Data for the task below:
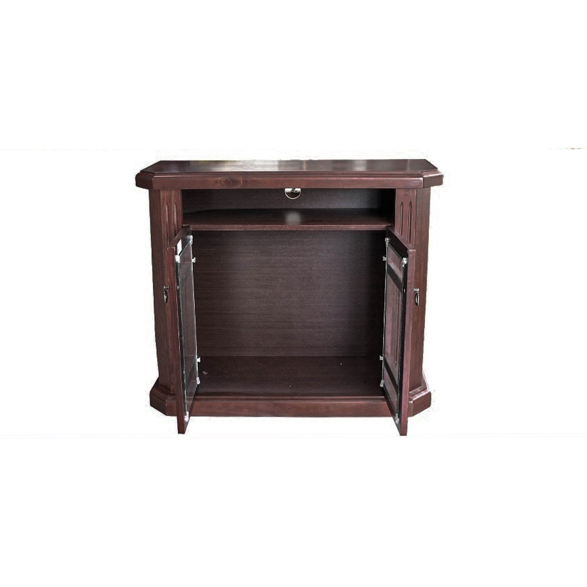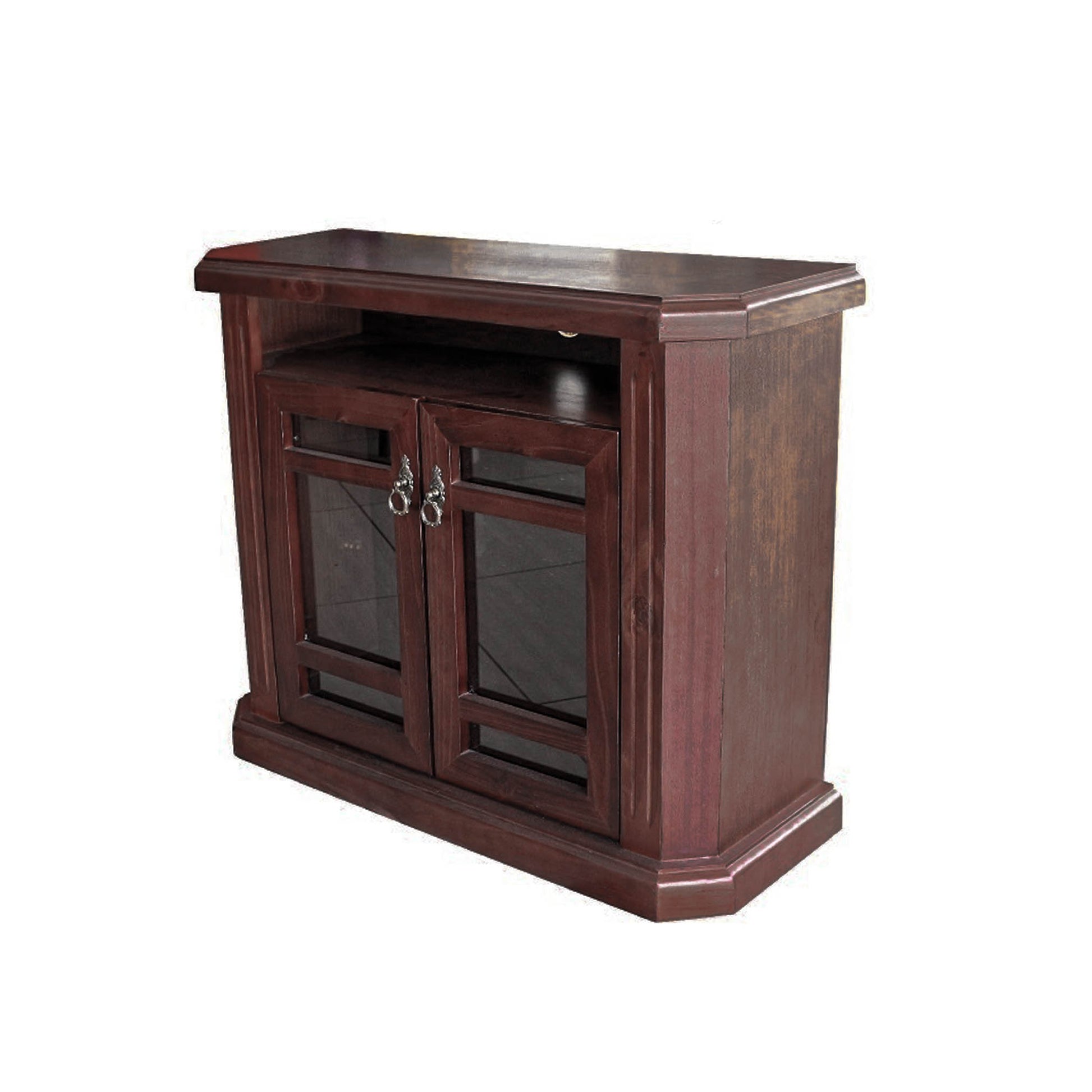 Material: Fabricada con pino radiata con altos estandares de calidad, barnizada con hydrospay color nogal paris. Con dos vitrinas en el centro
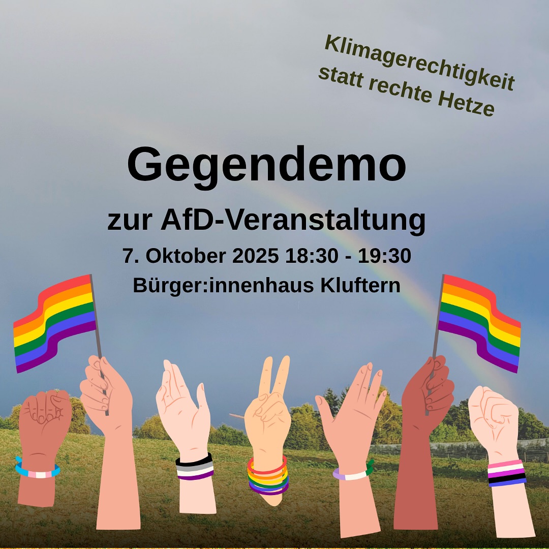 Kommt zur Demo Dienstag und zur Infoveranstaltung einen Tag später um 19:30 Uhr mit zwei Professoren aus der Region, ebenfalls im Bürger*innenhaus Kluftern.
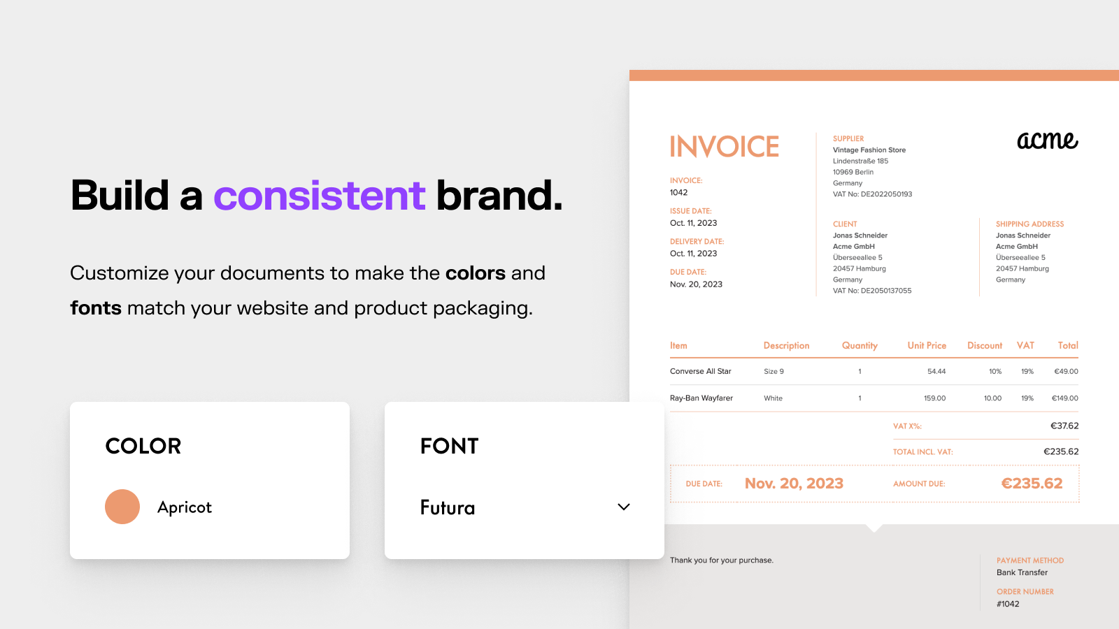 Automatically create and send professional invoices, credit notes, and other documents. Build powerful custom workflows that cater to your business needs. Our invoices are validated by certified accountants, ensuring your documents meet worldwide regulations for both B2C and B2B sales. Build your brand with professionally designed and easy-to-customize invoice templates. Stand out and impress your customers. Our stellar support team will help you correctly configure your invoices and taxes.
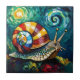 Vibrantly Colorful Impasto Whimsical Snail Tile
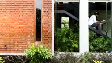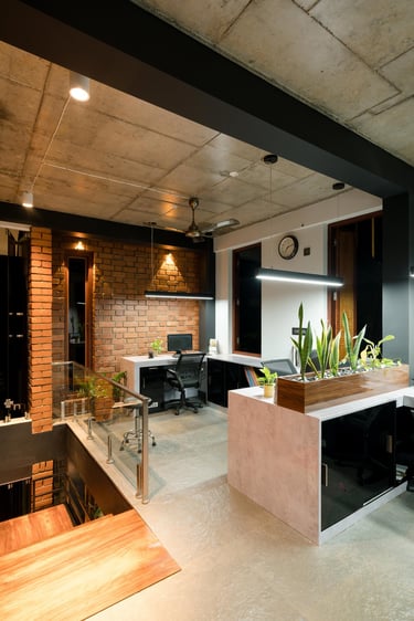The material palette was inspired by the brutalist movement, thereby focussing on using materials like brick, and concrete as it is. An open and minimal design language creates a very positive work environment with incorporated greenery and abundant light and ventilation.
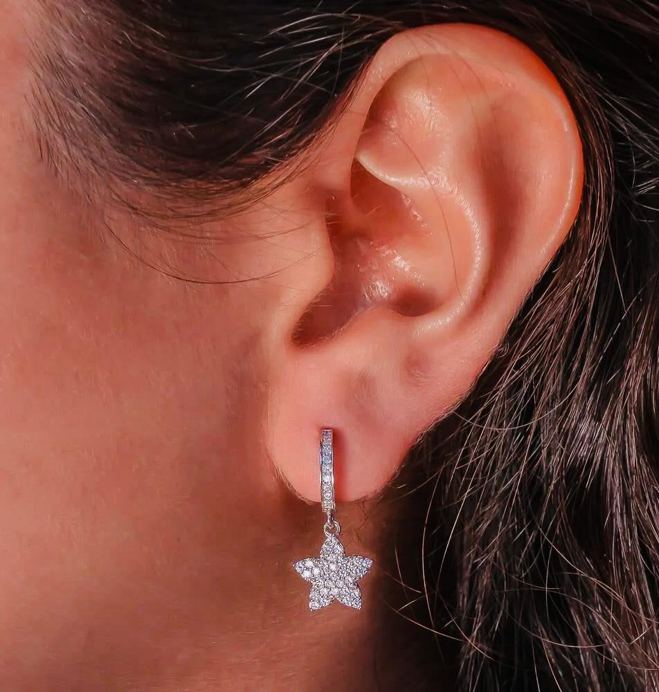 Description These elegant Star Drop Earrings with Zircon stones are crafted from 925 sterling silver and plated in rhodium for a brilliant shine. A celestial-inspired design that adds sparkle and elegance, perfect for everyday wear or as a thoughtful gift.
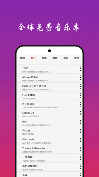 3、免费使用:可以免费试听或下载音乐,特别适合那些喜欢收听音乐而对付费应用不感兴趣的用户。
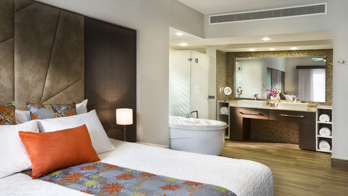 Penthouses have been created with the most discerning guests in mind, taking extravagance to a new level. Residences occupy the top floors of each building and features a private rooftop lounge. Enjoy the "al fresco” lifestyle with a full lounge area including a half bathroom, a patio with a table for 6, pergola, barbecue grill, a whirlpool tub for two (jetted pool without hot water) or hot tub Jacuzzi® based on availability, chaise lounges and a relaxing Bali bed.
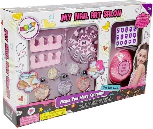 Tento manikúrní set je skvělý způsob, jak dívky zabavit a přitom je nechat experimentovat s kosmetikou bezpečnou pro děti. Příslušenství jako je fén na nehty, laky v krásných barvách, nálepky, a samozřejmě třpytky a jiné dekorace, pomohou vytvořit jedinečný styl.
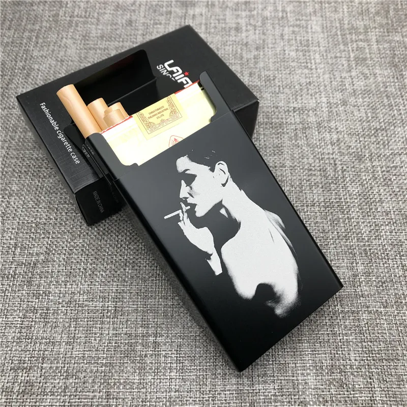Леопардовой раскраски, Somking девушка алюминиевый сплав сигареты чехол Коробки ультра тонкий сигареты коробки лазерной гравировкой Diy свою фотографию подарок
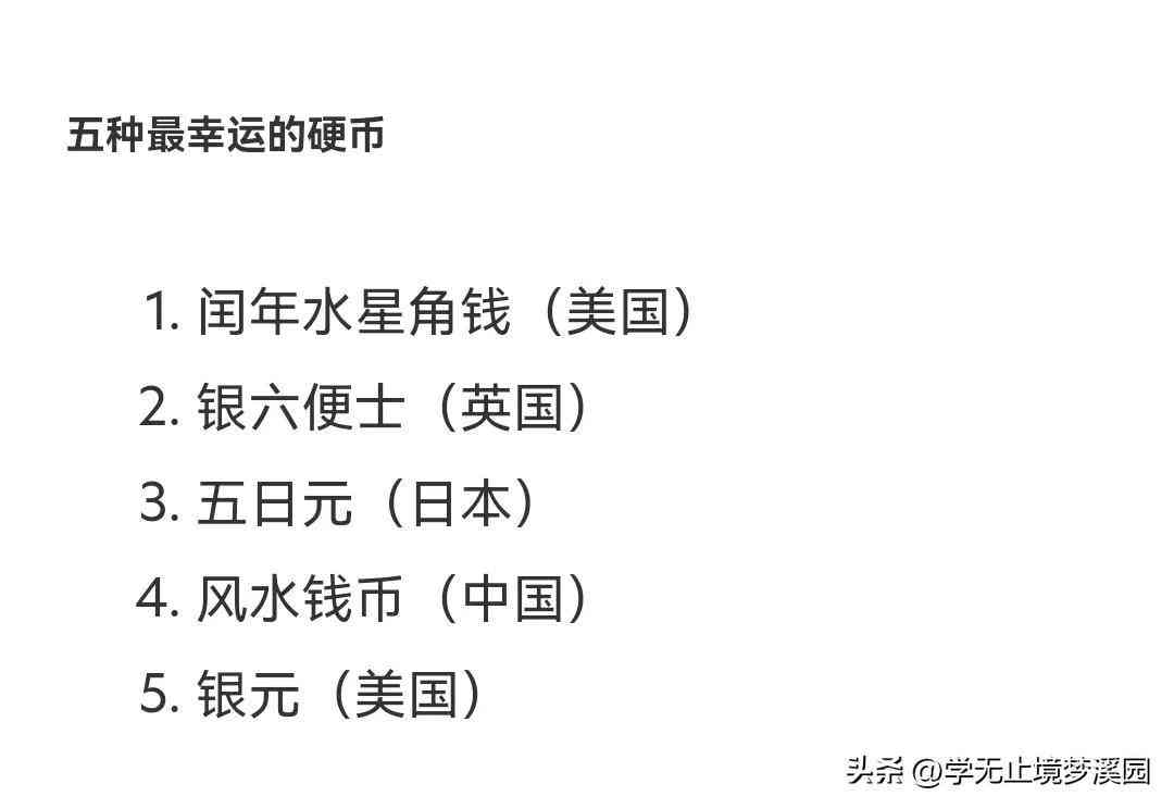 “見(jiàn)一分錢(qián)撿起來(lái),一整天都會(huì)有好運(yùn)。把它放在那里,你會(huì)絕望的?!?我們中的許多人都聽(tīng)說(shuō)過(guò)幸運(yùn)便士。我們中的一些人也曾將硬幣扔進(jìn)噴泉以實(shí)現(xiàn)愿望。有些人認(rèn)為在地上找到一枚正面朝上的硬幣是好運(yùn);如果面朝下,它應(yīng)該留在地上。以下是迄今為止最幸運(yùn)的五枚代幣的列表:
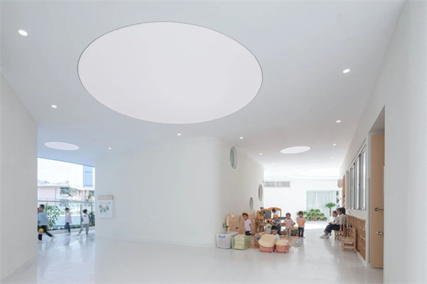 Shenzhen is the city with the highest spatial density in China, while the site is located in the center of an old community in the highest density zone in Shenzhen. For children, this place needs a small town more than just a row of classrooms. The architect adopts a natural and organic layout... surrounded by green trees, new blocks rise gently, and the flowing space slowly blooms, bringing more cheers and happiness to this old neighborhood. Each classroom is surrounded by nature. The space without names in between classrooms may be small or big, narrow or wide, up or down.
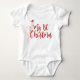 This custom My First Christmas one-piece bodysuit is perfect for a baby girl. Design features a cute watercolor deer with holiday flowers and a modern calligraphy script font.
End of Data for the task.
#### Problem details
Set down again, word for word, every line from the one with "Vibrantly Colorful Impasto" to the one with "The material palette" in the entries above, and omit the pictures.

#### Answer section
 Vibrantly Colorful Impasto Whimsical Snail Tile
The material palette was inspired by the brutalist movement, thereby focussing on using materials like brick, and concrete as it is. An open and minimal design language creates a very positive work environment with incorporated greenery and abundant light and ventilation.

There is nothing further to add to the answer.